20. I closed TB using the X button in the sole open TB window's upper
right corner.
21. I clicked Start, etc., etc., Thunderbird.
22. I waited roughly 30 seconds before concluding that TB had failed to
restart.
23. I clicked Start, etc., etc., Thunderbird.
24. I waited roughly 30 seconds and then consulted Task Manager.
25. TM showed that a TB process had launched and was using roughly
105MB(!) of memory, though no TB UI was being displayed.
26. I watched and for roughly 30 seconds the TB process used low
amounts of CPU and its memory usage fluctuated a bit, more or
less consistent with a normal instance of a running (somewhat
bloated) application.
27. Then it spontaneously exited: its process size shrank rapidly over
the space of a few seconds and vanished from the task list.

I presume that the first attempt to relaunch TB did the same thing:
process started up, bloated up, hung around for roughly a minute, and
then self-destructed without ever presenting a UI, though I only saw
this in TM the second time.

28. I clicked Start, etc., etc., Thunderbird.
29. A TB process reappeared in TM.
30. This time, it presented UI almost immediately.
31. I browsed back to the same newsgroup and immediately clicked the
header for the offending post (from items 10 and 15).
32. This time, TB displayed the post promptly, as in items 2, 5, and 8.

Note: I did not do anything differently the third time I tried to
relaunch TB, and I did not do anything differently the third time I
tried to view the post mentioned in items 10, 15, and 31.

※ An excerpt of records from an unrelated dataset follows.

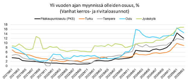 Jyväskylän markkinahaasteet näkyvät tosin myös tässä tilastossa, sillä siellä pitkään myynnissä olleiden asuntojen osuus ei ole vähentynyt samaan tapaan kuin muilla suurilla paikkakunnilla. Yhteenvetona voidaan todeta, että vaikka vanhojen asuntojen kauppa on käynyt kuluneena vuonna selvästi vilkkaammin kuin viime vuonna, alueelliset erot korostuvat.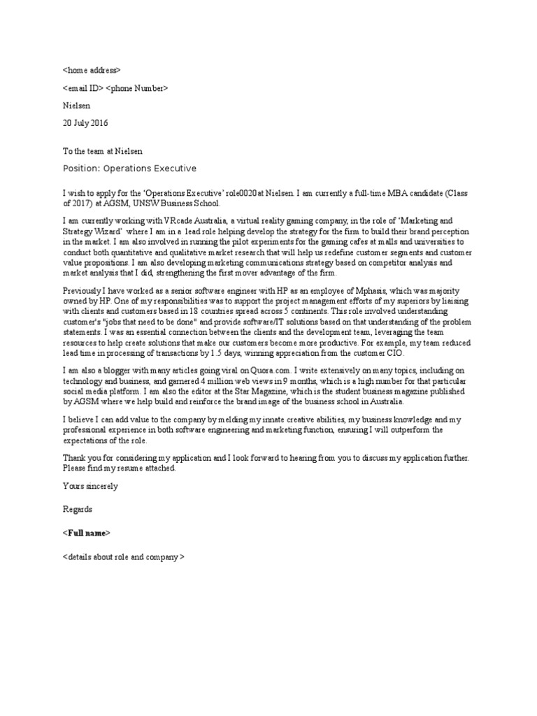 Whatever position you are thinking about you should be able to find here a sound template to build around your professional. The creativity of abc company, as shown through advertisements, and social media channels, has sparked my enthusiasm to apply for a sales executive position here. With this application letter sample, you'll learn how to maximize your chances of landing one of these highly coveted positions by highlighting your top skills and relevant experiences. You have made an executive resume and now you are all set to impress the employers by sending them your resume. I determine the overall strategic direction of product development and uphold the company's position at the forefront of technology by focusing on. Savesave hr executive position cover letter sample for later. I have been employed at oasis agency for the last three years as an administrative assistant and i fully. A strong executive cover letter is important for showing that you care enough about the position to put the effort into writing one—and it's important for the actual content of the letter itself. Two sample executive assistant cover letters: See sample executive cover letters that will get jobs. Our cover letters have been designed to give you that helping hand to advance your career ! Take a separate piece of paper and record your accomplishments, then choose three which are the most impressive, then write them up in the cover. I endeavor to join nielsen as an hr executive for which i am aware you are looking for someone with a meticulous track record in human resources and ability to work independently.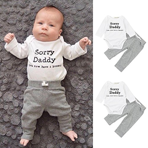 杜屋トヤ 新生児服 ベビー上下セット Sorry Daddy かわいい無地長袖ロングパンツ トップス ロングパンツ ナチュラル ルームウェア 赤ちゃん・子供・キッズ プレゼント 0-18M 70cm/80cm/90cm/100cm

Obviously an error of some kind occurred. Equally obviously, the error
was not mine, given that I used TB's UI a) normally and b) in the same
way each time I tried to view the misbehavior-associated news post and
that I also tried to relaunch TB in the same way all three times, yet TB
behaved very differently from one try to the next in both cases.

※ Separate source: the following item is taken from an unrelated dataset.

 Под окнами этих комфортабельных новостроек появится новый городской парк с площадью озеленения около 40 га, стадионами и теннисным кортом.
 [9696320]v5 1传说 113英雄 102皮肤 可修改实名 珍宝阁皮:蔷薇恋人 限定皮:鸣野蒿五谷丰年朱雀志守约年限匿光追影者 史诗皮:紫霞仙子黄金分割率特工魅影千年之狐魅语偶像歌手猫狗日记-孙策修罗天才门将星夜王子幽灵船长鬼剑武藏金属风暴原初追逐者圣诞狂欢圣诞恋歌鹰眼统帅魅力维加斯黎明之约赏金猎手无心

The error logically must therefore lie either with my network service
provider, the news server, or somewhere else in the network, or else in TB.

However, though a problem somewhere in the network could conceivably
cause TB to fail to retrieve a post, such a problem could not, were TB
functioning correctly, cause either of the following:

1. A failure of the Stop button in TB to function as advertised.
2. A newly-started TB process to fail to display UI and then, after a
short time, self-terminate with no error message.

Therefore, a bug must exist in TB, and having already postulated a bug
in TB it is not necessary to separately postulate a simultaneous bug in
the network, particularly not one that appears virtually instantly with
no warning or apparent cause and then vanishes just as abruptly within
three minutes. Application of Occam's razor leaves one hypothesis: a bug
in TB, probably in the networking code, that can cause failure of the
networking code in TB to receive or correctly process incoming data,
failure of the networking code in TB to respond to the Stop button, and
spontaneous abort of the process during start-up without error message.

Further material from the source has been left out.